Damage distribution maps from strong earthquakes and recorded data from field experiments have repeatedly shown that the ground surface topography and subsurface stratigraphy play a decisive role in shaping the ground motion characteristics at a site. Published theoretical studies qualitatively agree with observations from past seismic events and experiments; quantitatively, however, they systematically underestimate the absolute level of topographic amplification up to an order of magnitude or more in some cases. We have hypothesized in previous work that this discrepancy stems from idealizations of the geometry, material properties, and incident motion characteristics that most theoretical studies make.

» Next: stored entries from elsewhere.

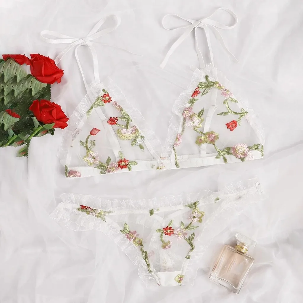 Новинка 2020, сексуальное женское белье с цветочной вышивкой, комплект из двух предметов, ночное белье, женская мода, стринги, нижнее белье, белая одежда для сна, M-2XL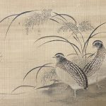 キジ科で一番小さい鳥であるウズラは、古くから人間と関わりの深い鳥です。日本では草深い場所にたくさんウズラが生息していたことから、ウズラと深草を合わせた歌が多く詠まれました。中国では安らかさを表す吉兆のシンボルとされ、多くの鶉図が描かれました。鶉図は日本にも持ち込まれ、粟の穂など秋の草花と合わせた画題が好まれました。また、鳴き声が「御吉兆」と聞こえることから縁起の良い鳥とされました。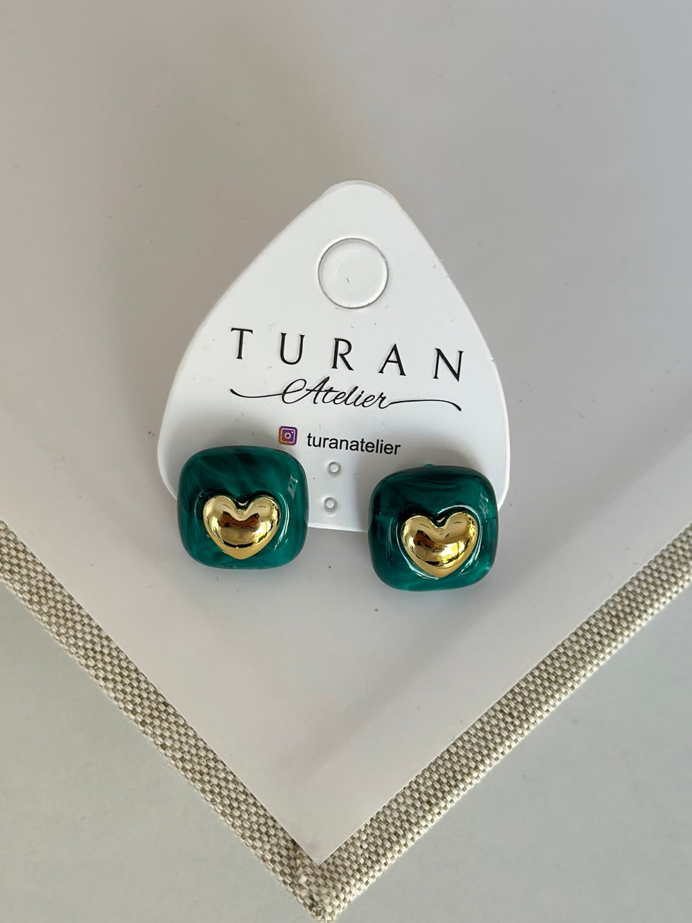 Gold Kalp Detay Yeşil Küpe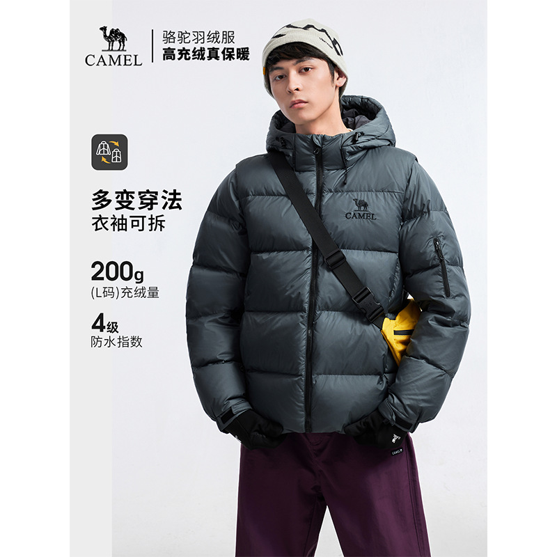 骆驼可拆袖羽绒服男女同款2025年秋冬户外保暖防钻绒防泼水面包服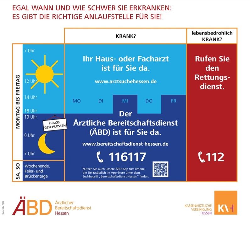 Ärztlicher Bereitschaftsdienst: für nicht lebensbedrohliche Notfälle die ärztliche Hilfe benötigen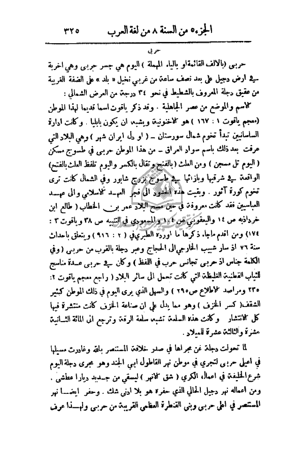 حربي (بالألف القائمة بالياء المهملة) اليوم هي جسر حربي وهي أخربه في أرض دجيل على بعد نصف ساعة من غربي نخيل (بلد) على الضفة الغربية من عقيق دجلة المعروف بالشطيط في نحو 34 درجة من العرض الشمالي: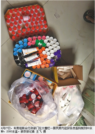 4月27日,海淀公安分局环食药旅中队会同中关村派出所,联合行政部门在西城区大栅栏一居民房内抓获犯罪嫌疑人任某英、李某钢,现场起获各类医院制剂80余种,2000余盒。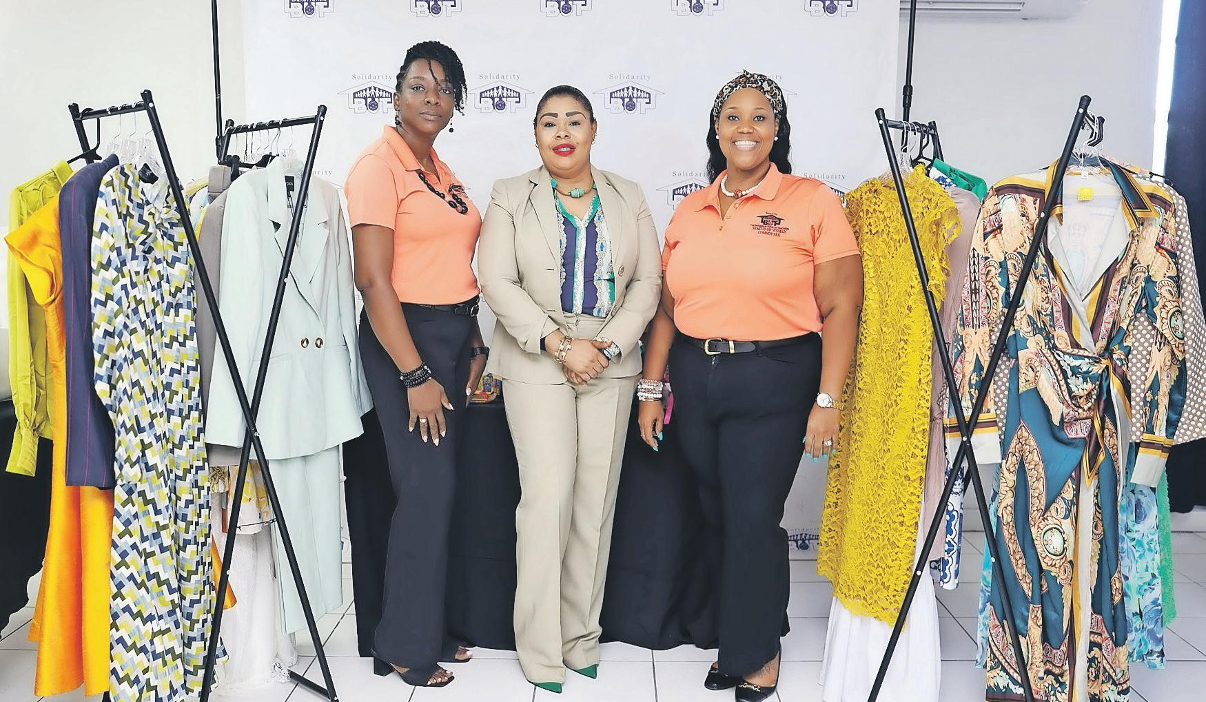 Above: Khandi Gibson of FOAM assists in the presentation of clothes donation. below: Belinda Wilson, president of the Bahamas Union of Teachers speakers to reporters about the clothes drive to provide women with professional attire for their jobs.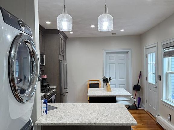 Pristine top floor 2 bedroom 2 bathroom, featuring central AC, In unit laundry, beautiful kitchen with dishwasher and island. Great layout with a spacious bedroom at either end of the apartment. Main bedroom features en suite full bathroom. Great closets throughout. Private side deck and driveway for 2 car parking included! Sorry no pets, no smoking. Great Savin Hill location near the JFK stop on the MBTA Redline 12 month lease Upon lease signing 1st, last and brokerage fee due Tenant pays utilities for apartment No pets, No smoking

In this study, we perform numerical simulations of seismic wave propagation in heterogeneous media with arbitrary ground surface geometry, and compare results with high quality field recordings from a site with strong surface topography. Our goal is to explore whether high-fidelity simulations and realistic numerical models can – contrary to theoretical models – capture quantitatively the frequency and amplitude characteristics of topographic effects. For validation, we use field data from a linear array of nine portable seismometers that we deployed on Mount Pleasant and Heathcote Valley, Christchurch, New Zealand, and we compute empirical standard spectral ratios (SSR) and single-station horizontal-to-vertical spectral ratios (HVSR). The instruments recorded ambient vibrations and remote earthquakes for a period of two months (March-April 2017). We next perform two-dimensional wave propagation simulations using the explicit finite difference code FLAC. We construct our numerical model using a high-resolution (8m) Digital Elevation Map (DEM) available for the site, an estimated subsurface stratigraphy consistent with the geomorphology of the site, and soil properties estimated from in-situ and non-destructive tests. We subject the model to in-plane and out-of-plane incident motions that span a broadband frequency range (0.1-20Hz). Numerical and empirical spectral ratios from our blind prediction are found in very good quantitative agreement for stations on the slope of Mount Pleasant and on the surface of Heathcote Valley, across a wide range of frequencies that reveal the role of topography, soil amplification and basin edge focusing on the distribution of ground surface motion.